Forgiveness merupakan penerimaan apa adanya, dan pelepasan akhir alternatif. Kita berusaha
untuk memandang ke depan dengan wawasan dan kebijaksanaan yang telah diajarkan oleh
pengalaman tentang diri kita sendiri, tentang pelaku, dan kemauan untuk memulai cerita baru.

(3) Develop a Compassionate Story of the Other: Mengetahui, atau setidaknya mencoba untuk
melihat mengapa seseorang melakukan hal-hal yang menyakiti orang lain, dan mengakui sisi
kemanusiaan mereka, membuat kita lebih mudah untuk melepas pikiran kebencian dan dendam
yang kita miliki. Kita bisa dan harus mulai dengan small forgiveness, misalnya, saat di jalan
pengendara lain menyalip kita. Saat hal itu terjadi, kita bisa berkata pada diri sendiri, “Wow!
Orang itu sangat terburu-buru. Saya bertanya-tanya apa yang terjadi dalam hidupnya yang
membuat dia membahayakan dirinya dan orang lain.” Semakin banyak kisah welas asih yang
dapat kita buat untuk lebih memahami mengapa atau bagaimana orang tersebut berperilaku,
semakin mudah untuk diri kita bereaksi positif pada peristiwa yang terjadi.

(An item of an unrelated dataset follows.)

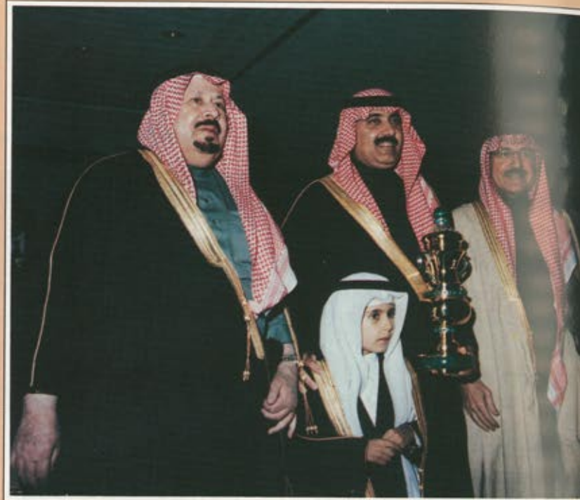
سمو الأمير بدر لدى تسليم كأس خادم الحرمين الشريفين لخبيل الانتاج المحلي الى سمو الأمير متعب بن عبدالله.

(4) Share Your Forgiveness Story As Appropriate; Membagikan atau menuliskan cerita
forgiveness adalah salah satu variasi dalam menciptakan kerangka positif dari peristiwa dan
keadaan yang merugikan yang kita rasakan. Tubuh kita dirancang untuk menghargai kita karena
mendengarkan dan berhubungan dengan cerita. Beberapa manfaat dari bercerita yaitu dari segi
biologis adanya sintesis oksitosin, bersifat internal, membuat peserta lebih bahagia, dan secara
eksternal, mempromosikan kerja sama dan perilaku prososial.

Tidak kalah penting adalah kita dapat memaafkan diri sendiri, forgiveness atau memberikan
pengampunan pada kesalahan dan kelemahan diri kita. Apabila kita dapat menerapkan semua ini
maka hidup kita menjadi lebih damai, yang terpancar dalam diri kita. Semoga.